Zoals ik hiervoor heb aangegeven, zal binnen VSO 2 niet alleen een regeling worden getroffen voor de openingsbalansproblematiek, maar ook voor de flexibele afwikkeling van VSO 1. Het gaat daarbij dan om het treffen van een algemene regeling die een ruim toepassingsbereik moet krijgen en die voor alle woningcorporaties gelijkluidend zal zijn.

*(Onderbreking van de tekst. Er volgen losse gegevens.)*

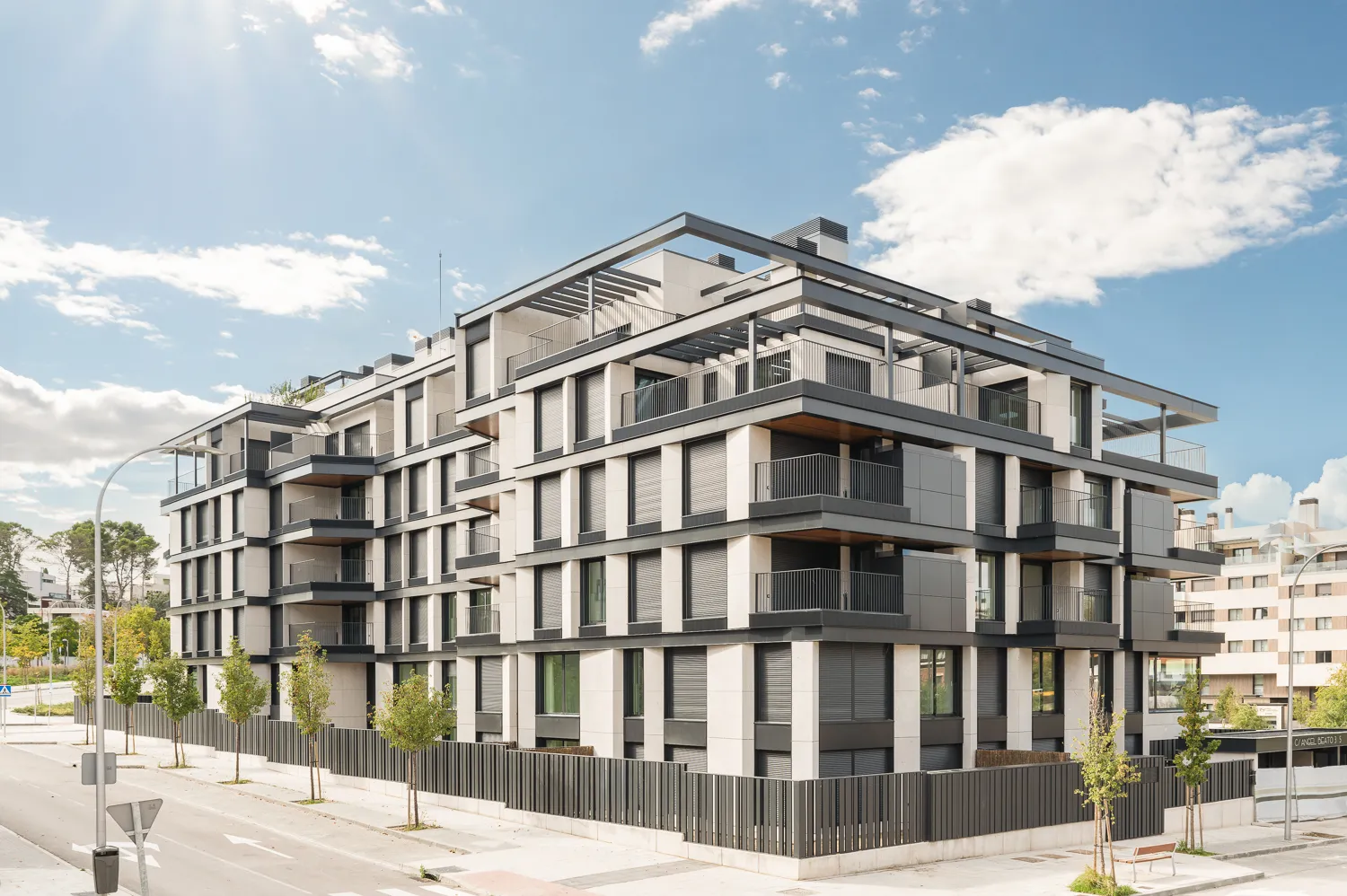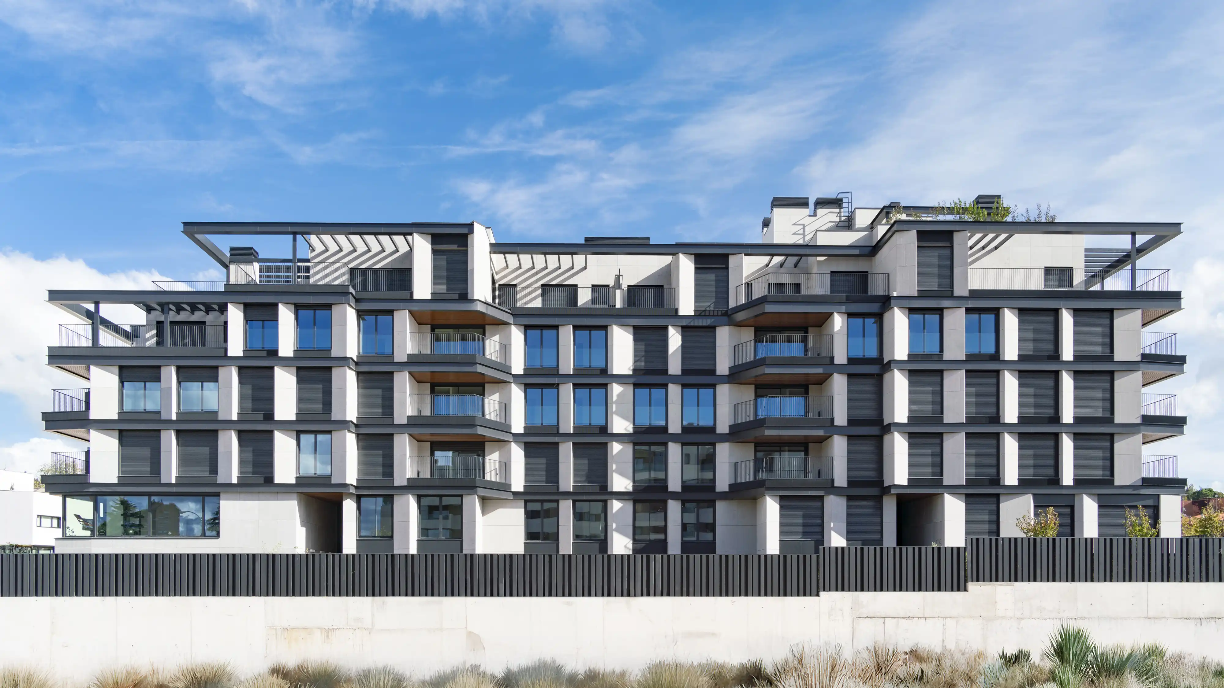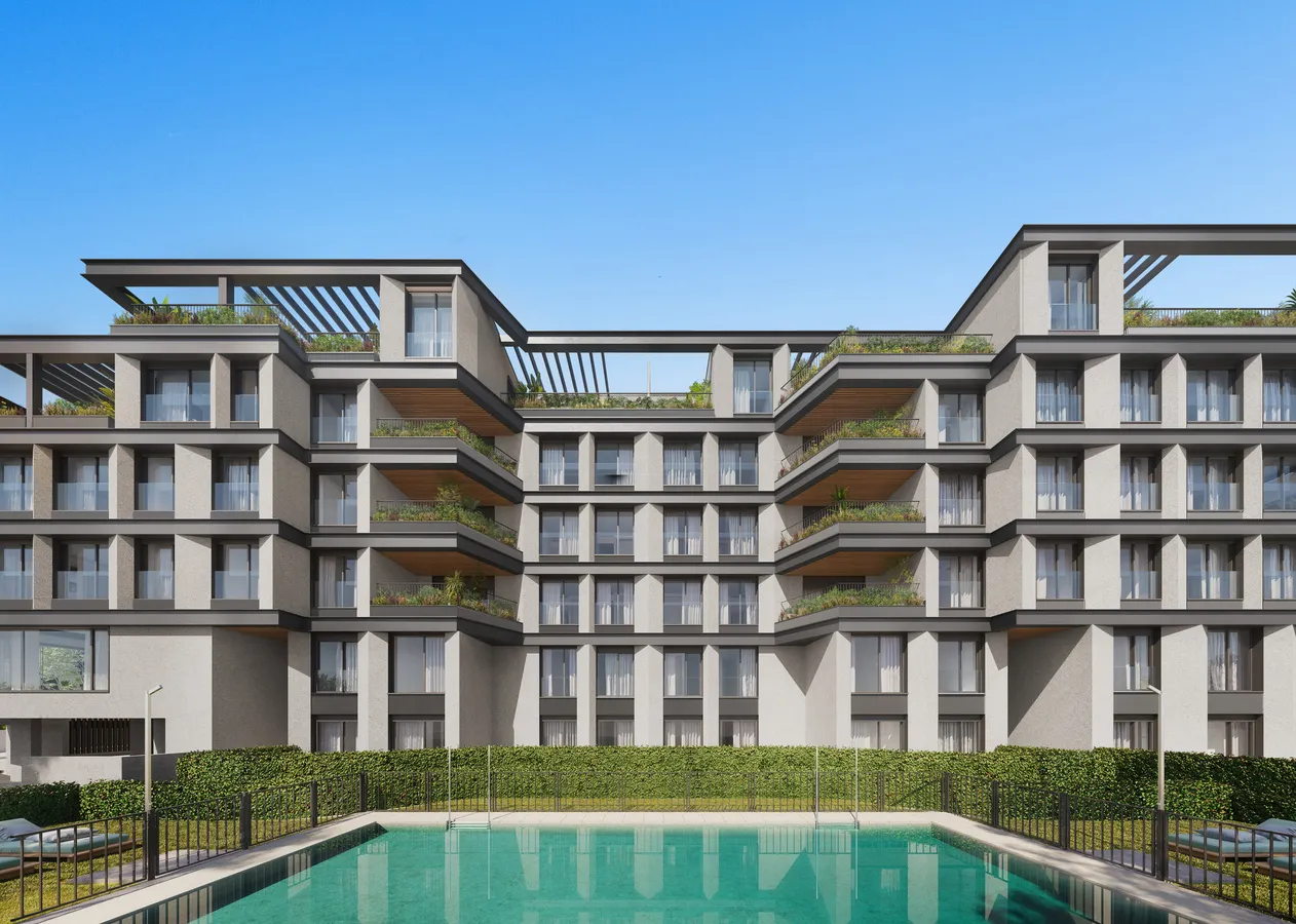 Nuevo Puerta de Hierro is a new project designed with taste, style and passion for things well done by the Martín de Lucio architecture studio. It is made up of 49 Homes that give prominence to the large windows and terraces, playing with the orientations to guarantee natural light and energy efficiency. Typologies of 1, 2 and 3 bedrooms, on the ground floor with a garden that will have access to the community green areas (not all the ground floors have direct access to community areas), flats with a terrace and spectacular penthouses with large private terraces. Memory of Qualities with the best materials, beautiful and durable, applied to a contemporary and timeless design. Open spaces, natural finishes, colors and unique details, which provide warmth and a cozy feeling to the whole.

PricewaterhouseCoopers Belastingadviseurs NV wil in feite vooruitlopend op VSO 2 voor haar clientèle individuele regelingen treffen. De Belastingdienst heeft naar mijn mening terecht aangegeven dat het thans niet opportuun is om in individuele gevallen afspraken te maken en daarmee vooruit te lopen op hetgeen daarover in VSO 2 zal worden opgenomen. Dit laat onverlet dat bij de totstandkoming van VSO 2 de door PricewaterhouseCoopers Belastingadviseurs NV geschetste oplossingsrichtingen onderwerp van gesprek kunnen zijn binnen de projectgroepen. Dat geldt overigens ook voor suggesties van andere belastingadviseurs of woningcorporaties. Ik acht het in het kader van eenheid van beleid en uitvoering en een gelijke behandeling van woningcorporaties niet wenselijk dat er in individuele gevallen afspraken worden gemaakt over kwesties die in VSO 2 zullen worden geregeld.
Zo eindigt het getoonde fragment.